Not entirely true. It’s a sequel to the Time Machine by Stephen Baxter. It was reasonably good on it’s own, but it didn’t follow well from the Time Machine - the perspectives in the two are so different that it detracts a lot from the Time Ships IMO.

I’ll add yet another vote for ‘To Say Nothing of the Dog’

Yes. The men were going back in time to kill dinosaurs who were very close to death anyway. That way the time line wouldn’t be contaminated

While they were shooting at a T-Rex who was about to have a tree fall on top of him, one of the hunters stepped on a butterfly.

They go back to the present, find the language has changed and a dictator has taken over.

As punishment, they sent the hunter back in time to the dinosaur age.

I can’t remember the title either.

The Ray Bradbury story is The Sund of Thunder. I think that L. Sprague de Camp wrote the similarly-themed ** A Gun for Dinosaur** because he didn’t lik the way Bradbury andled time travel. Much, much later, de Camp wrote more stories using the same characters and published it as a book, Rivers of Time.

Lynn Bodoni answers one of my posts.

I need a little time (!) to let that one settle.

I am honored, Lynn.
I’ll get a copy of Millennium ASAP!

I also appreciate the list y’all provided, and I must say I’m looking forward to many winter nights curled up in bed and taking a trip backward in time!

Also looking forward to my re-read of Connecticut Yankee…!
Thanks for the reminder! :smiley:

Quasi

Another good O.S. Card novel with a really different take on time-travel is Enchantment. It’s more fantasy than sci-fi, though.
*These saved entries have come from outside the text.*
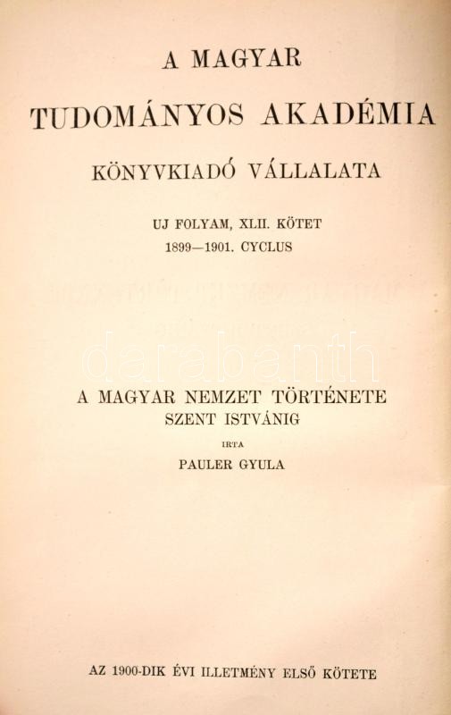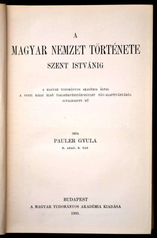 Pauler Gyula: A magyar nemzet története Szent Istvánig. Bp., 1900, MTA... https://www.darabanth.com/de/305-Fernauktion/305.0/Bucher/Bucher-Geschichte~400004/Pauler-Gyula-A-magyar-nemzet-tortenete-Szent-Istvanig-Bp-1900-MTA-Kiadoi-aranyozott-gerinc~II1642269
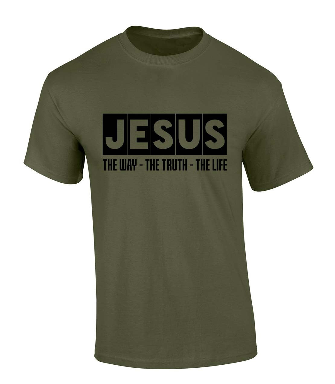 Mens Christian Tshirt Jesus the Way the Truth the Life Short Sleeve T
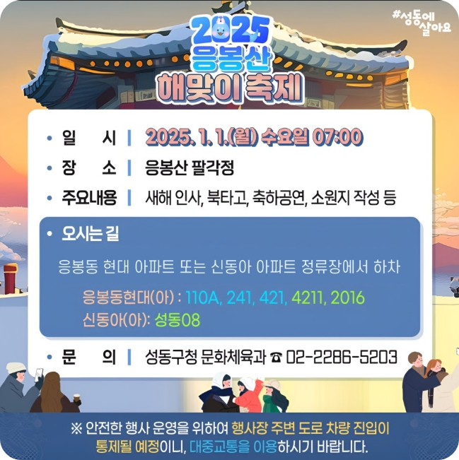 ♣ 행사프로그램 : 풍물패 길놀이, 난타, 성악공연 새해 소원지 달기, 대고각 북치기, 일출 관람 대고각 북치기 등 체험행사가 열립니다.
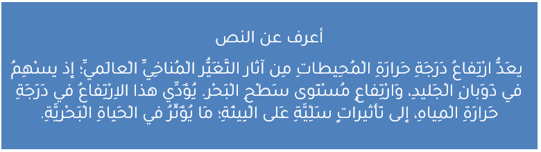 أَخَذَ ثامِرٌ يَقْرَأُ: تَعيشُ بَعْضُ الْكائِناتِ الْبَحْرِيَّةِ في مِياهِ الْبَحْرِ، وَتَظَلُّ في نِطاقِ مُعتَدِلٍ نسبيًَا مِنْ دَرَجَةِ الْحَرارَةِ مُقارَنَةً بِالظُّروفِ الْمُتَطَرِّفَةِ لِلْبيئاتِ عَلى الْيابِسَةِ. وَقَدْ نَسأَلُ: كَيْفَ تَكونُ الْحَرارَةُ في الْمُحيطاتِ؟
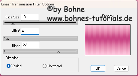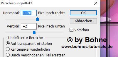 12) Öffne die Tube "la_cross" und ziehe sie auf dein Bild.  Filter -> Sonstige Filter -> Verschiebungseffekt
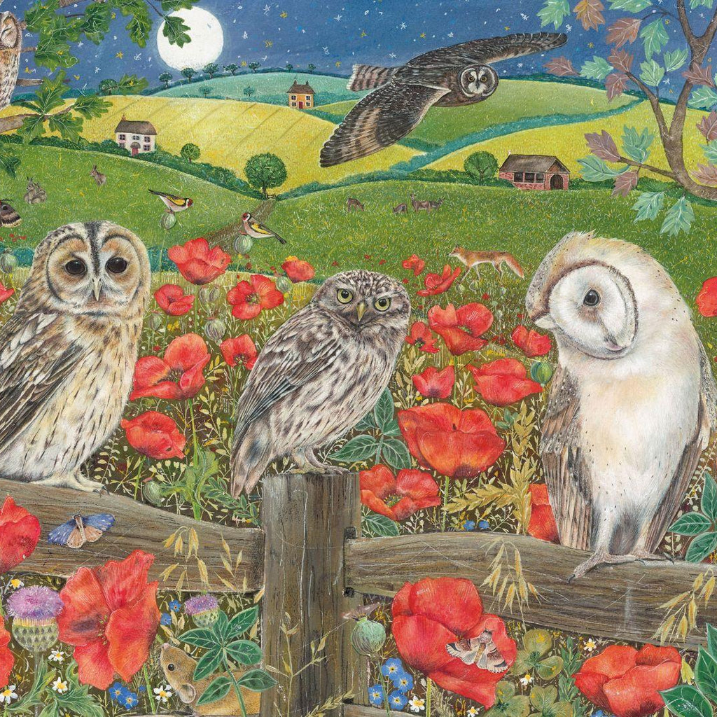Owls in Poppy Fields is a quality eco-friendly 500-piece jigsaw puzzle from Otter House.

In addition to time travel stories I like alternate history stories. You know, what if something had happened differently, how would it affect history? My favorite author of this type of story was H. Beam Piper, who died over forty years ago. His Lord Kalvan of Otherwhen was booklength, most of the rest were short stories or novellas. The best short story was “He Walked Around the Horses.” It was based on the Charles Fort story about the British diplomat who disappeared in Germany early in the nineteenth century. If you know your history, the last line of the story will be very funny/ironic. Go and find it if you can.
Anybody else like Piper?

Fuzzys Rule.

Here’s an obscure one I liked: Elleander Morning by some guy whose last name begins with a “Z” (my books aren’t yet unpacked after my recent move so I can’t double-check). It’s not a scienc-ey time travel book – more of a fantasy, I guess, and mixed with a lot of alternative history. Basically the woman in the title goes back in time to kill Hitler and stop WWII. But it’s a whole lot more complicated than that. The modern scenes set in a world where WWII didn’t take place are particularly interesting. Very good read.

Jess

Guns of the South, by Harry Turtledove. Even the cover alone catches the eye ; Robert E Lee holding an Ak47.
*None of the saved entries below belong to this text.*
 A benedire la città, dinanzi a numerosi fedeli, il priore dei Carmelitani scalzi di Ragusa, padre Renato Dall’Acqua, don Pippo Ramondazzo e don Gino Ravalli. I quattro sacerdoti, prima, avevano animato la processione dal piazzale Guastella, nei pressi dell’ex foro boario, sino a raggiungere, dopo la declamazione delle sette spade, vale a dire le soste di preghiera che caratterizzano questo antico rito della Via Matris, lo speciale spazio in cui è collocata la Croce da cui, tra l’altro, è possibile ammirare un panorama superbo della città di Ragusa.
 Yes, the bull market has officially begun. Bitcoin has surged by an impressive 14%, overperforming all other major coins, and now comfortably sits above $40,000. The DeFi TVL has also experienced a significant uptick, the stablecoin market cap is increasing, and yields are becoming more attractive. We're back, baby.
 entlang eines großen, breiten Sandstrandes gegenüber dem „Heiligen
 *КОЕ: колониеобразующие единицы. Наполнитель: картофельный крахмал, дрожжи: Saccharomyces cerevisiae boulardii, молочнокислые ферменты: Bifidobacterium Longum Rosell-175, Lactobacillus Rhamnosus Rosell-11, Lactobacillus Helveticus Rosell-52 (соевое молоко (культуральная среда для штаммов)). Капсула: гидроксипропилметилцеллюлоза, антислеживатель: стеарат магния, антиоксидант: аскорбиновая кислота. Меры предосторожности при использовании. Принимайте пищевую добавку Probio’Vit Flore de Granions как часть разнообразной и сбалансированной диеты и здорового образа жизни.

No mention of Kevin Grimwood’s Replay? That’s kind of surprising. Although it may not be technically considered a time travel story in that the main character didn’t really have control over the time travel element in the story.

The aforementioned Pastwatch, Time and Again, From Time to Time, and A Connecticut Yankee in King Arthur’s Court are all great reads as well.

More props to Beam Piper. Hell, I once fronted a band called The Beam Pipers.

And also to Turtledoves GotS.

“Give it it’s proper name, General Lee. It is an AK-47.”

I’d also recommended his book of non-fiction “Forgotten News,” in which he discusses things he picked up while doing research for Time and Again. Half of the book is about a notorious “Crime of the Century” that was played out in the pages of the newspapers of the day. He actually managed to find the house the murder took place in, looking remarkably the same considering it took place about 150 years before.

Lightning, by Dean Koontz. A woman’s “guardian angel” is actually a time traveler who is in love with her.